Curious why it should be on HackerNews to enforce restrictions on content they only license from you?

If it's owned by you and only licensed by HN shouldn't you be the one enforcing it?

• AndrewKemendo an hour ago

Seems like they are trying to do that through the stated legal intermediary (YC)

• zamadatix an hour ago

If you carry on the quote two more words:

> ... a nonexclusive

I.e. this section is talking to additional rights to the content you post to ALSO go to YC, not that YC is guaranteeing it (+friends) will be the only one to hold these rights or will enforce who else should hold the rights to your publicly shared content for you.

There's a more intricate conversation to be had with GDPR and public data on forums in general but that's wholly unrelated to what YC's legal page says and still unlikely to end up in an alarming result.

• ryandvm 2 hours ago

That agreement is largely about "Personal Information", not the posts and comments.

That said, there are "no scraping" and "commercial use restricted" carve-outs for the content on HN. Which honestly is bullshit.

• ungruntled 2 hours ago

None that I could see:

Your submissions to, and comments you make on, the Hacker News site are not Personal Information and are not "HN Information" as defined in this Privacy Policy.

Other Users: certain actions you take may be visible to other users of the Services.

• GeoAtreides 2 hours ago

I mean, just because they say the comments are not PI doesn't make it so.

• ungruntled 2 hours ago

That’s a good point. I’m only referring to the terms they used in the privacy policy.

• ryandvm 2 hours ago

Eh, fuck that agreement. I'm kind of old school in that I believe if you put it on the internet without an auth-wall, people should be allowed to do whatever they want with it. The AI companies seem to agree.

Then again, I'm not the guy that is going to get sued...

• Ylpertnodi an hour ago

> I believe if you put it on the internet without an auth-wall, people should be allowed to do whatever they want with it.

I agree. It's the owners of the sites that have to follow rules, not us.

• kmeisthax an hour ago

"I'm kind of old school in that I believe if you put grass on the ground without a fence, people should be allowed to do whatever they want with it. The noblemen with a thousand cows seem to agree."

And that, my friends, is how you kill the commons - by ignoring the social context surrounding its maintenance and insisting upon the most punitive ways of avoiding abuse.

• petercooper an hour ago

Context is important, but isn’t HN’s social context, in particular, that the site is entirely public, easily crawled through its API (which apparently has next to no rate limits) and/or Algolial, and has been archived and mirrored in numerous places for years already?

• echelon an hour ago

Signal and information are not grass.

Grass and property require upkeep. Radio waves and electromagnetic radiation do not.

I don't want your dog to piss on my lawn and kill my grass. But what harm does it cause me if you take a picture of my lawn? Or if I take a picture of your dog?

If I spend $100M making a Hollywood movie - pay employees, vendors, taxes - contribute to the economic growth of the country - and then that product gets stolen and given away completely for free without being able to see upside, that's a little bit different.

But my Hacker News comment? It's not money.
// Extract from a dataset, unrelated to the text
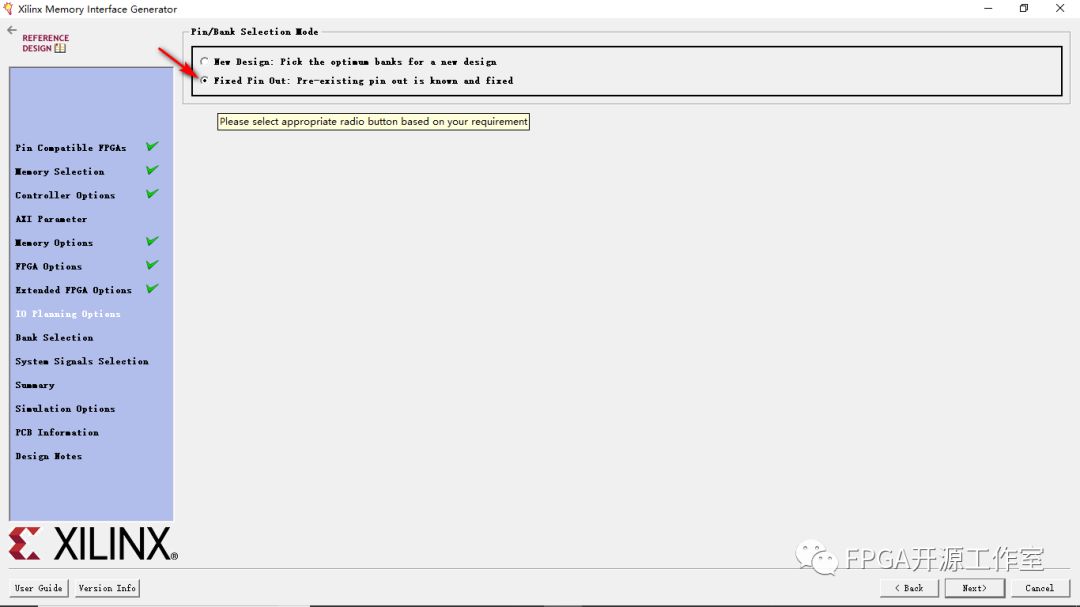 10>選擇Fixed Pin Out。我們的原理圖管腳已經(jīng)確定無(wú)需從新設(shè)計(jì)。

I think there are plausible ways to draw lines that protect genuine work, effort, and economics while allowing society and innovation to benefit from the commons.

• hsuduebc2 2 hours ago

How is is he breaking gdpr here?

• andrewmcwatters 2 hours ago

They already refuse to comply with CPRA, instead electing to replace your username with a random 6(?) character string, prefixed with `_`, if I remember correctly.
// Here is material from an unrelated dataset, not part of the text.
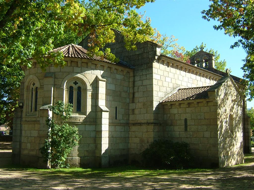 Igreja de estilo neorromânico, construída na década de 40 do século XX.Possui um amplo adro, de terra, ladeado por árvores de grande porte, e vedado por muro baixo.Decoração cuidada dos portais, pilares e tímpanos.

I know, because I've been here since maybe 2015 or so, but this account was created in 2019.

So any PII you have mentioned in your comments is permanent on Hacker News.

I would appreciate it if they gave users the ability to remove all of their personal data, but in correspondence and in writing here on Hacker News itself, Dan has suggested that they value the posterity of conversations over the law.